Le poème présente un certain nombre de repères dans l’espace. Ils ne sont pas toujours précis et la
plupart du temps, Victor Hugo se contente de brosser un décor fait de montagnes, de forêts et de
zones de campagne. Il y a néanmoins, alors que le mystère du poème est en passe d’être résolu, une
indication géographique précise, avec la mention de Harfleur, port normand proche du Havre. Le
voyage du poète est décrit comme une sorte de périple, dans la mesure où il parcourt différents
paysages. La thématique du voyage est d’ailleurs renforcée par la mention des voiliers qui se rendent
à Harfleur. Il s’agit là, cependant, d’un type de voyage dont le poète se détourne, puisqu’il indique : «
je ne regarderai pas […] les voiles au loin ».

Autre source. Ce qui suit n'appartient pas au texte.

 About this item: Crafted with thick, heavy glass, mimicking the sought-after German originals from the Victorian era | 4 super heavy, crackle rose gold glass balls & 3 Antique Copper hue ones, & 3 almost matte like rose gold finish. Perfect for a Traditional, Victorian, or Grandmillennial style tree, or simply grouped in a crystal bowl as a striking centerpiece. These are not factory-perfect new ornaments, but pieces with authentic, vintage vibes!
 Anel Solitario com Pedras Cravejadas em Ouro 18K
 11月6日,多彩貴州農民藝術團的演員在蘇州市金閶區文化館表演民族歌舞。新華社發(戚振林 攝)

Ce sont surtout les repères temporels qui sont importants dans le poème : ils recouvrent la durée
d’une journée. Le poète part le matin, à l’aube (vers 1) pour se rendre sur la tombe et y arrive le « soir
», au vers 9. Le voyage se déroule à pied, ce qui impose un rythme lent. On peut ainsi observer que
dans la première strophe, les coupes des alexandrins suggèrent un rythme de marche assez appuyé,
parfois heurté. Au vers 1, par exemple, le rythme est 2 + 2 + 8 et au vers 2, 4 + 2 + 6. La marche n’est
pas régulière, comme si l’émotion imposait une avancée heurtée. La strophe 3, quant à elle, suggère
une atmosphère d’automne, avec le houx toujours vert, et la « bruyère en fleurs ».

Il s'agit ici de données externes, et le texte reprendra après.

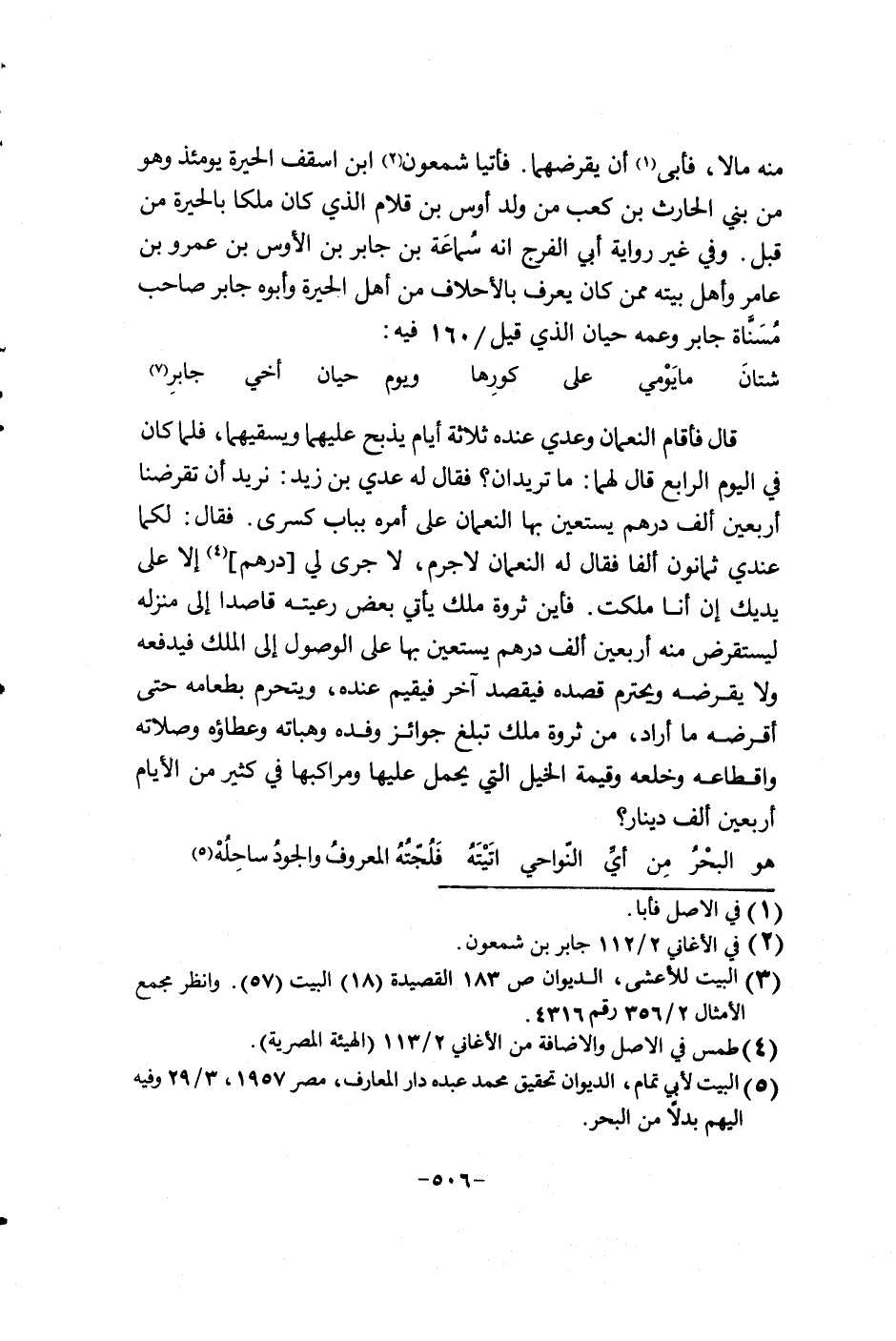 منه مالاً، فأبى أن يقرضهما. فأتيا شمعون أبن أسقف الحيرة يومئذ وهو من بني الحارث بن كعب من ولد أوس بن قلام الذي كان ملكاً بالحيرة من قبل. وفي غير رواية أبي الفرج إنه سملعة بن جابر الأوس بن عمرو بن عامر وأهل بيته ممن كان يعرف بالأحلاف من أهل الحيرة وأبو جابر صاحب مسناة جابر وعمه حيان الذي قيل160 فيه:

Il faut signaler enfin l’utilisation particulière des temps dans le poème : le futur simple marque la
détermination du poète, mais rappelle aussi qu’il s’agit d’un voyage en pensées, qui n’aura
effectivement lieu que le lendemain. D’où l’importance de l’adverbe « demain », premier mot du
poème.

Un voyage spirituel

Le voyage de Victor Hugo est donc principalement un voyage intérieur et spirituel. Il s’agit d’un
pèlerinage à part entière. La temporalité est, nous l’avons vu, celle d’une journée. Mais une lecture
métaphorique de cette temporalité permet d’évoquer la représentation imagée d’une vie humaine.
Ainsi, pour une journée, Hugo revit en pensée le temps de la naissance à la mort de Léopoldine. La
nature symbolise l’existence. Le trajet parcouru devient un chemin de vie.

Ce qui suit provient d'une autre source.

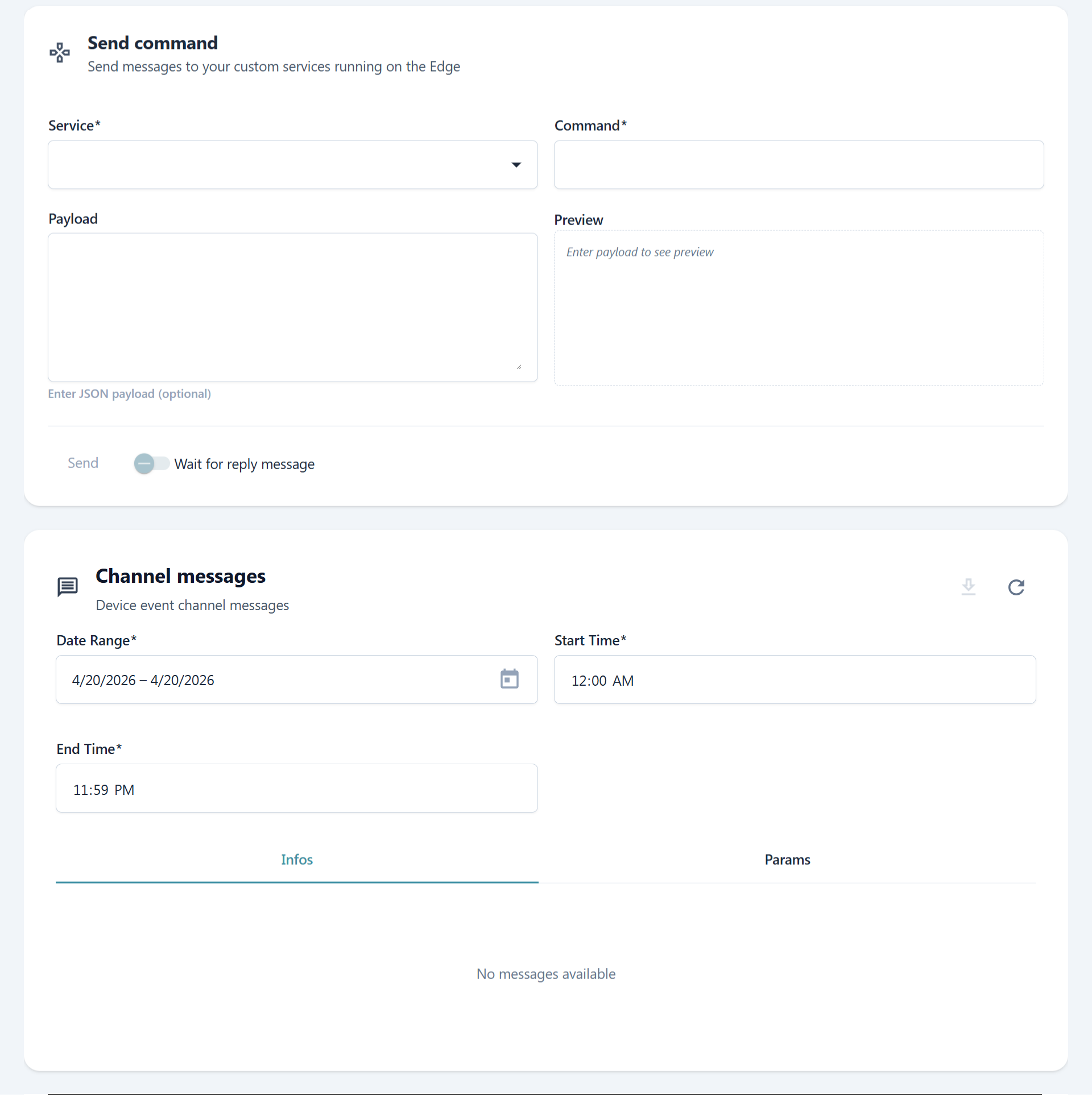 Commands can be sent from the Control panel in Fleet Manager and their responses are displayed there.

Sur ce chemin, le poète fait l’expérience de l’attente et du désir, qui dominent la première strophe. Il
plonge aussi dans la souffrance et la solitude : c’est ce que nous montre la strophe 2. La dimension
spirituelle de cette étape du pèlerinage est très forte. La privation est marquée par les deux
hémistiches parallèles du vers 6 : « sans rien voir au-dehors, sans entendre aucun bruit ». On pourrait
presque voir dans ce passage une nuit noire de l’âme, comme celle que décrivent les mystiques. Alors
qu’à la strophe 1, le poète est sensible aux paysages qu’il traverse, il se détourne du monde dans
l’expérience intérieure de la strophe 2.

C’est ce qui le rend, en quelque sorte, digne de retrouver Léopoldine. La dernière strophe peut alors
être comprise comme un contraste entre les séductions du monde, avec les « ors du soir qui tombe »
et la simplicité des retrouvailles spirituelles. On notera le parallélisme « ni » / « ni » qui marque le
rejet. Le poète, quant à lui, aspire à un bonheur plus simple, qui s’exprime dans la modestie des fleurs
de bruyère. La nature éternelle résonne comme une promesse mystique.

Conclusion

« Demain dès l’aube » est un poème lyrique et pathétique, fortement marqué par la sensibilité
romantique. Victor Hugo y évoque son deuil et la douleur face à la perte de Léopoldine. Le poème
relate le pèlerinage que l’écrivain avait l’habitude de faire sur la tombe de sa fille. Ce pèlerinage
apparaît peu à peu comme un véritable voyage spirituel, une représentation symbolique du chemin
de vie. Si ce poème continue d’émouvoir les lecteurs année après année, c’est en grande partie grâce
à la simplicité apparente de l’écriture et à l’expression de sentiments profondément humains. La
dimension autobiographique est dépassée et le poème atteint à l’universalité.